(Records from a data source)
⟨
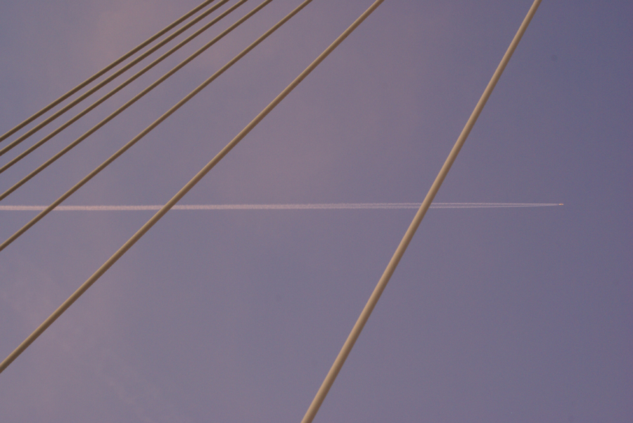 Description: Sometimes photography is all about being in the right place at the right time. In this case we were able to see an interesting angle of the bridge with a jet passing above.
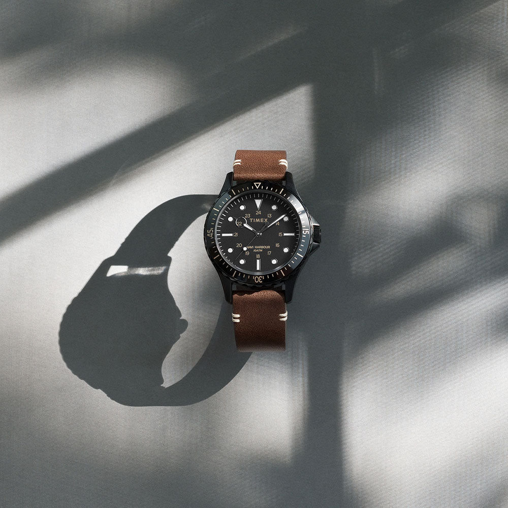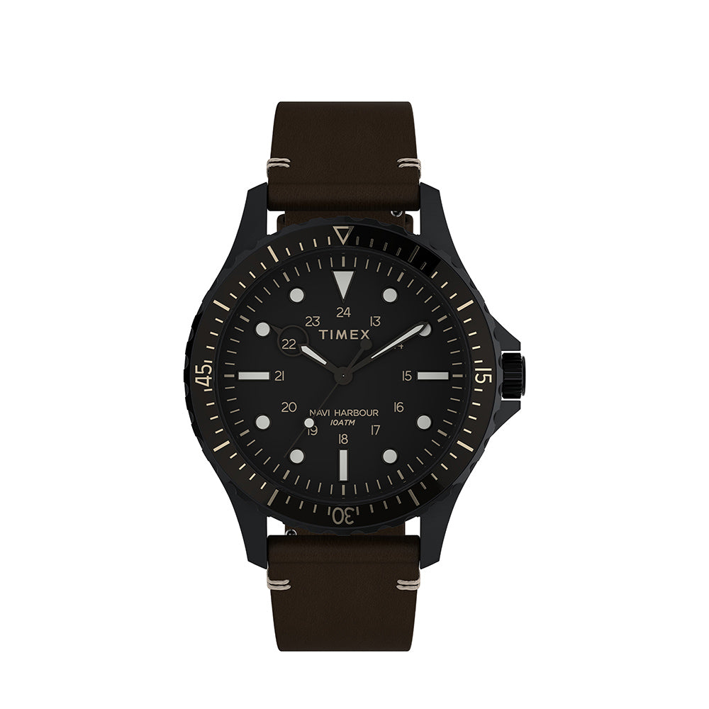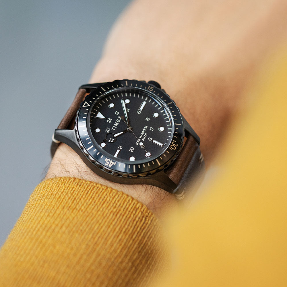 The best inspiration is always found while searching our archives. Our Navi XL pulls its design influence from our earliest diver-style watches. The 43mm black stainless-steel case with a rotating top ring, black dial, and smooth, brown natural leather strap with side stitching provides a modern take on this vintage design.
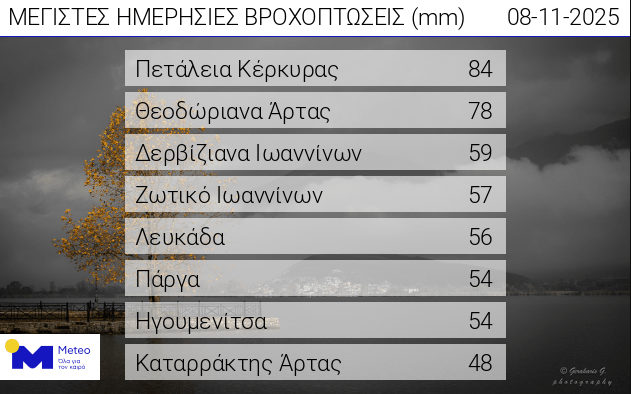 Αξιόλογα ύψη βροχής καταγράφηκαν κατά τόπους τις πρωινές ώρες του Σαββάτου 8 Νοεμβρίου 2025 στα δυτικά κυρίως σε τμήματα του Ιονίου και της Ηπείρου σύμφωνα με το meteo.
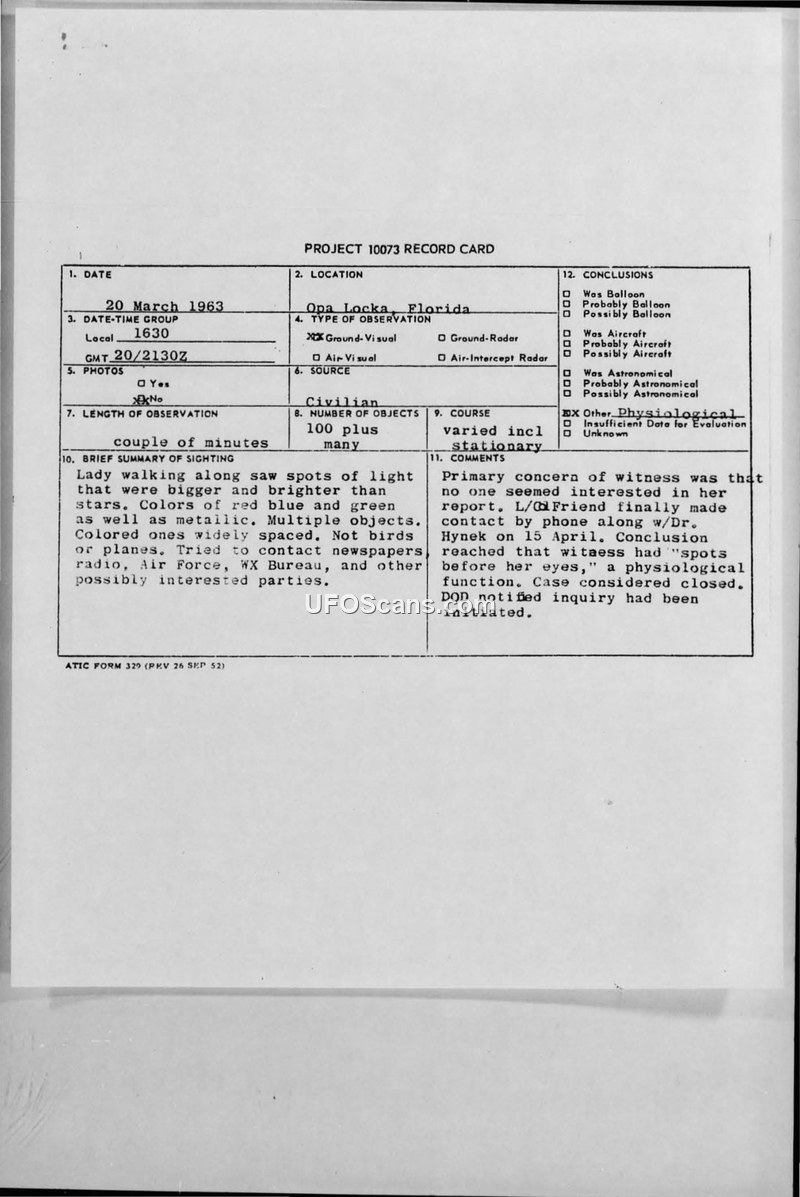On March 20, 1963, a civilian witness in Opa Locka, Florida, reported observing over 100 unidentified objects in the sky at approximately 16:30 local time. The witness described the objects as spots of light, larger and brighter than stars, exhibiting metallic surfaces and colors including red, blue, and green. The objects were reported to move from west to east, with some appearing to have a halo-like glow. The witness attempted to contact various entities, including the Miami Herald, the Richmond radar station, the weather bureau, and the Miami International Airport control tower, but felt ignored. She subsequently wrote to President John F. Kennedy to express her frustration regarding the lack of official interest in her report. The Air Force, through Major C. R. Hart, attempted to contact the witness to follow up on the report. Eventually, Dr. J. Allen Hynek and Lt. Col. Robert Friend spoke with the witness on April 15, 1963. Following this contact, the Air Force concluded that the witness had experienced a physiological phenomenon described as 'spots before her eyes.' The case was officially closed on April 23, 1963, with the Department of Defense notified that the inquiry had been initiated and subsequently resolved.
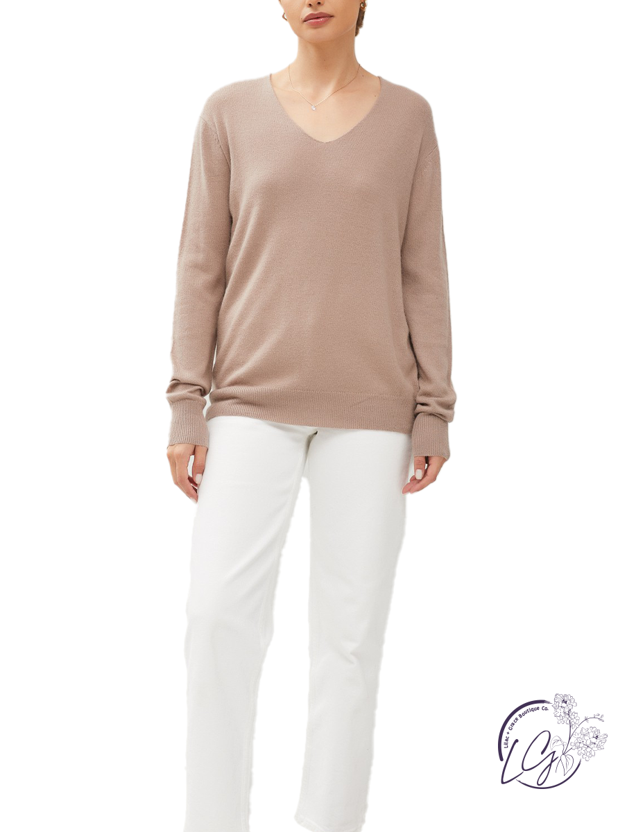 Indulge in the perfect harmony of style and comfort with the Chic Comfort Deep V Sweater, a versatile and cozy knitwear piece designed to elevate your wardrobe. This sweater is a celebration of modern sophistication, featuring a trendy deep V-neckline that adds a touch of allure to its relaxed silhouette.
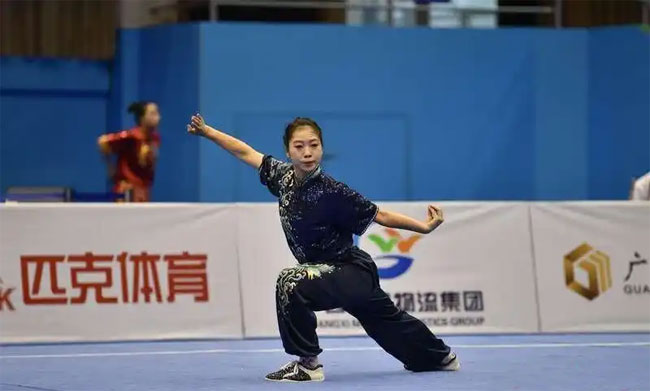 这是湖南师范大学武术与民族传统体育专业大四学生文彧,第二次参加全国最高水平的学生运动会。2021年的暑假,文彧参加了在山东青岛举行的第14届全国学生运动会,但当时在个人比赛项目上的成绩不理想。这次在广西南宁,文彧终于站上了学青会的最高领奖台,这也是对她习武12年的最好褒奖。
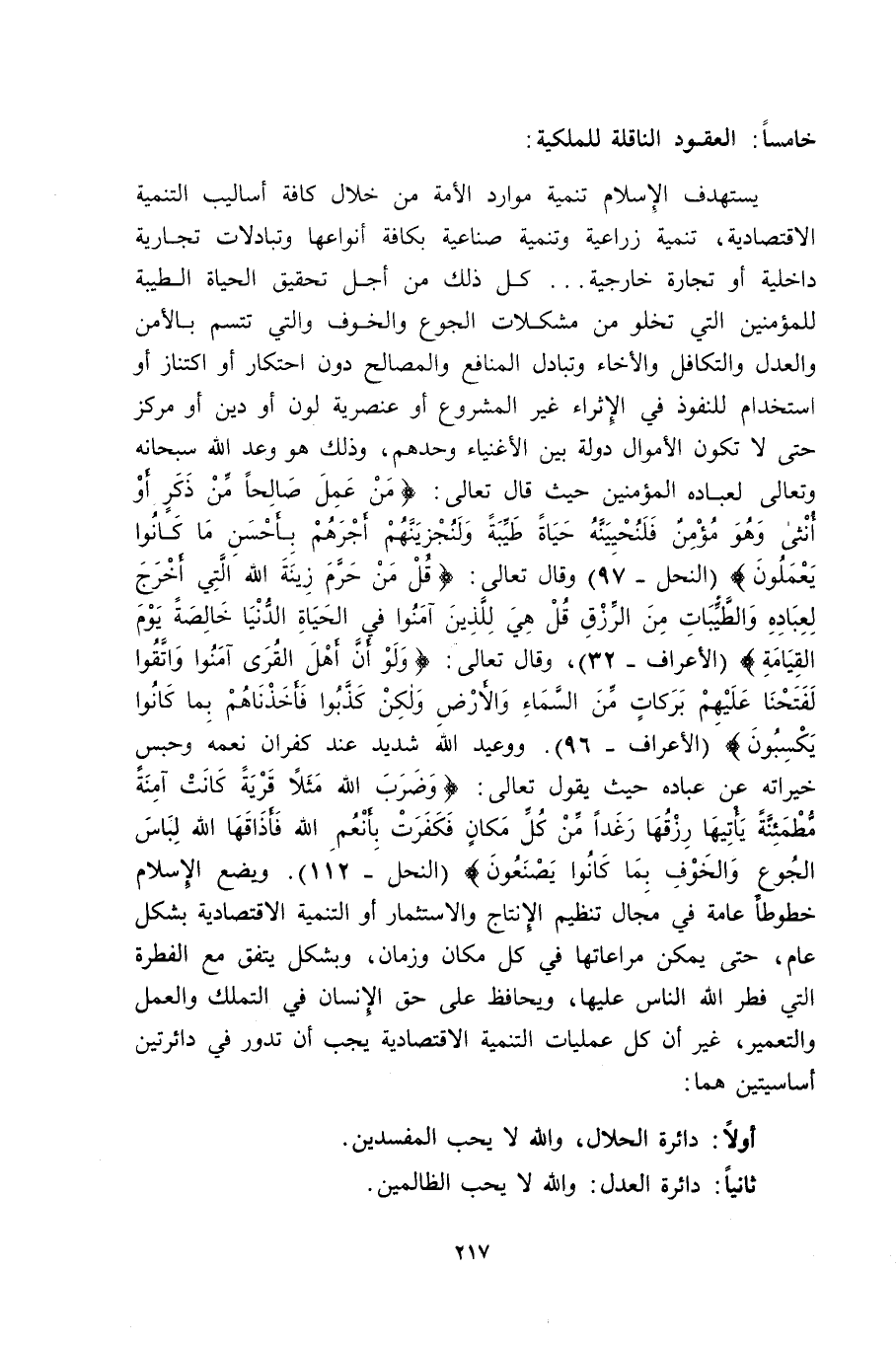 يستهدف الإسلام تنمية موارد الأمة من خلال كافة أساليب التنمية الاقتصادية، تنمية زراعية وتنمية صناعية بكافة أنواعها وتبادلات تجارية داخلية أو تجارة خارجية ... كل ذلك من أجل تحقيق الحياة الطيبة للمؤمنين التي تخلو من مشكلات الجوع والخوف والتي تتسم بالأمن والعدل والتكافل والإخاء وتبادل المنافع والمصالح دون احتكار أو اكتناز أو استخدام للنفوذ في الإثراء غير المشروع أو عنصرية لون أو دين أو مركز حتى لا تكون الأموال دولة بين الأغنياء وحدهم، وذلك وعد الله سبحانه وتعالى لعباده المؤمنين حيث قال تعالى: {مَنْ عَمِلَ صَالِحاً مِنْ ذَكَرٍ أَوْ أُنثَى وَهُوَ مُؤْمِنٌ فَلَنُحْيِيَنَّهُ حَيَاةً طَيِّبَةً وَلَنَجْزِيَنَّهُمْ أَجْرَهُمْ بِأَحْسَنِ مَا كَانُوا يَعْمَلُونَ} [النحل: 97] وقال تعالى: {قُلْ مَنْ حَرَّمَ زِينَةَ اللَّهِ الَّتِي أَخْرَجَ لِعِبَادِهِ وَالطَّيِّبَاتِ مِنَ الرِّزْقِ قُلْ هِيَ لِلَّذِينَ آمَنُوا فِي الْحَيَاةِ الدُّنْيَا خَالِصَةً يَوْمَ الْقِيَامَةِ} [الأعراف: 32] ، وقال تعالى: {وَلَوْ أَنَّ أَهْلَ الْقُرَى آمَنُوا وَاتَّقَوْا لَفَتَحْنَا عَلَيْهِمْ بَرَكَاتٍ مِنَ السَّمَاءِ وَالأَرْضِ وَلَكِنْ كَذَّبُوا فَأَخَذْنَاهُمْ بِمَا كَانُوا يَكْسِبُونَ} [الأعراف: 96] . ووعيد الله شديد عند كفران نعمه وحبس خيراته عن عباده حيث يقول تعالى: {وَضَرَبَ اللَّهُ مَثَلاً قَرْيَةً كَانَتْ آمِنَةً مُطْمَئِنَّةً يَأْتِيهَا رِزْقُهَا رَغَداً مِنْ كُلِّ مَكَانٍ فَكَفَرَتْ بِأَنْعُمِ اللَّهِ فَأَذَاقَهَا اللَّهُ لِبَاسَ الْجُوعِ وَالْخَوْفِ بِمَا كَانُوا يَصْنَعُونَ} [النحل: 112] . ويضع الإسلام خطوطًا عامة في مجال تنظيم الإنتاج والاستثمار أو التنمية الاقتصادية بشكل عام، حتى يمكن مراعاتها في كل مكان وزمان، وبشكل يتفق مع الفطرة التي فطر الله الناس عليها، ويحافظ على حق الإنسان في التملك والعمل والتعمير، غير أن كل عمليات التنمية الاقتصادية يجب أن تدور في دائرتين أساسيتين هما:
⟩
* _Work item_
Restate every line above word for word. Do not carry over the images.

* _Answer space_
 Description: Sometimes photography is all about being in the right place at the right time. In this case we were able to see an interesting angle of the bridge with a jet passing above.
 The best inspiration is always found while searching our archives. Our Navi XL pulls its design influence from our earliest diver-style watches. The 43mm black stainless-steel case with a rotating top ring, black dial, and smooth, brown natural leather strap with side stitching provides a modern take on this vintage design.
 Αξιόλογα ύψη βροχής καταγράφηκαν κατά τόπους τις πρωινές ώρες του Σαββάτου 8 Νοεμβρίου 2025 στα δυτικά κυρίως σε τμήματα του Ιονίου και της Ηπείρου σύμφωνα με το meteo.
On March 20, 1963, a civilian witness in Opa Locka, Florida, reported observing over 100 unidentified objects in the sky at approximately 16:30 local time. The witness described the objects as spots of light, larger and brighter than stars, exhibiting metallic surfaces and colors including red, blue, and green. The objects were reported to move from west to east, with some appearing to have a halo-like glow. The witness attempted to contact various entities, including the Miami Herald, the Richmond radar station, the weather bureau, and the Miami International Airport control tower, but felt ignored. She subsequently wrote to President John F. Kennedy to express her frustration regarding the lack of official interest in her report. The Air Force, through Major C. R. Hart, attempted to contact the witness to follow up on the report. Eventually, Dr. J. Allen Hynek and Lt. Col. Robert Friend spoke with the witness on April 15, 1963. Following this contact, the Air Force concluded that the witness had experienced a physiological phenomenon described as 'spots before her eyes.' The case was officially closed on April 23, 1963, with the Department of Defense notified that the inquiry had been initiated and subsequently resolved.
 Indulge in the perfect harmony of style and comfort with the Chic Comfort Deep V Sweater, a versatile and cozy knitwear piece designed to elevate your wardrobe. This sweater is a celebration of modern sophistication, featuring a trendy deep V-neckline that adds a touch of allure to its relaxed silhouette.
 这是湖南师范大学武术与民族传统体育专业大四学生文彧,第二次参加全国最高水平的学生运动会。2021年的暑假,文彧参加了在山东青岛举行的第14届全国学生运动会,但当时在个人比赛项目上的成绩不理想。这次在广西南宁,文彧终于站上了学青会的最高领奖台,这也是对她习武12年的最好褒奖。
 يستهدف الإسلام تنمية موارد الأمة من خلال كافة أساليب التنمية الاقتصادية، تنمية زراعية وتنمية صناعية بكافة أنواعها وتبادلات تجارية داخلية أو تجارة خارجية ... كل ذلك من أجل تحقيق الحياة الطيبة للمؤمنين التي تخلو من مشكلات الجوع والخوف والتي تتسم بالأمن والعدل والتكافل والإخاء وتبادل المنافع والمصالح دون احتكار أو اكتناز أو استخدام للنفوذ في الإثراء غير المشروع أو عنصرية لون أو دين أو مركز حتى لا تكون الأموال دولة بين الأغنياء وحدهم، وذلك وعد الله سبحانه وتعالى لعباده المؤمنين حيث قال تعالى: {مَنْ عَمِلَ صَالِحاً مِنْ ذَكَرٍ أَوْ أُنثَى وَهُوَ مُؤْمِنٌ فَلَنُحْيِيَنَّهُ حَيَاةً طَيِّبَةً وَلَنَجْزِيَنَّهُمْ أَجْرَهُمْ بِأَحْسَنِ مَا كَانُوا يَعْمَلُونَ} [النحل: 97] وقال تعالى: {قُلْ مَنْ حَرَّمَ زِينَةَ اللَّهِ الَّتِي أَخْرَجَ لِعِبَادِهِ وَالطَّيِّبَاتِ مِنَ الرِّزْقِ قُلْ هِيَ لِلَّذِينَ آمَنُوا فِي الْحَيَاةِ الدُّنْيَا خَالِصَةً يَوْمَ الْقِيَامَةِ} [الأعراف: 32] ، وقال تعالى: {وَلَوْ أَنَّ أَهْلَ الْقُرَى آمَنُوا وَاتَّقَوْا لَفَتَحْنَا عَلَيْهِمْ بَرَكَاتٍ مِنَ السَّمَاءِ وَالأَرْضِ وَلَكِنْ كَذَّبُوا فَأَخَذْنَاهُمْ بِمَا كَانُوا يَكْسِبُونَ} [الأعراف: 96] . ووعيد الله شديد عند كفران نعمه وحبس خيراته عن عباده حيث يقول تعالى: {وَضَرَبَ اللَّهُ مَثَلاً قَرْيَةً كَانَتْ آمِنَةً مُطْمَئِنَّةً يَأْتِيهَا رِزْقُهَا رَغَداً مِنْ كُلِّ مَكَانٍ فَكَفَرَتْ بِأَنْعُمِ اللَّهِ فَأَذَاقَهَا اللَّهُ لِبَاسَ الْجُوعِ وَالْخَوْفِ بِمَا كَانُوا يَصْنَعُونَ} [النحل: 112] . ويضع الإسلام خطوطًا عامة في مجال تنظيم الإنتاج والاستثمار أو التنمية الاقتصادية بشكل عام، حتى يمكن مراعاتها في كل مكان وزمان، وبشكل يتفق مع الفطرة التي فطر الله الناس عليها، ويحافظ على حق الإنسان في التملك والعمل والتعمير، غير أن كل عمليات التنمية الاقتصادية يجب أن تدور في دائرتين أساسيتين هما:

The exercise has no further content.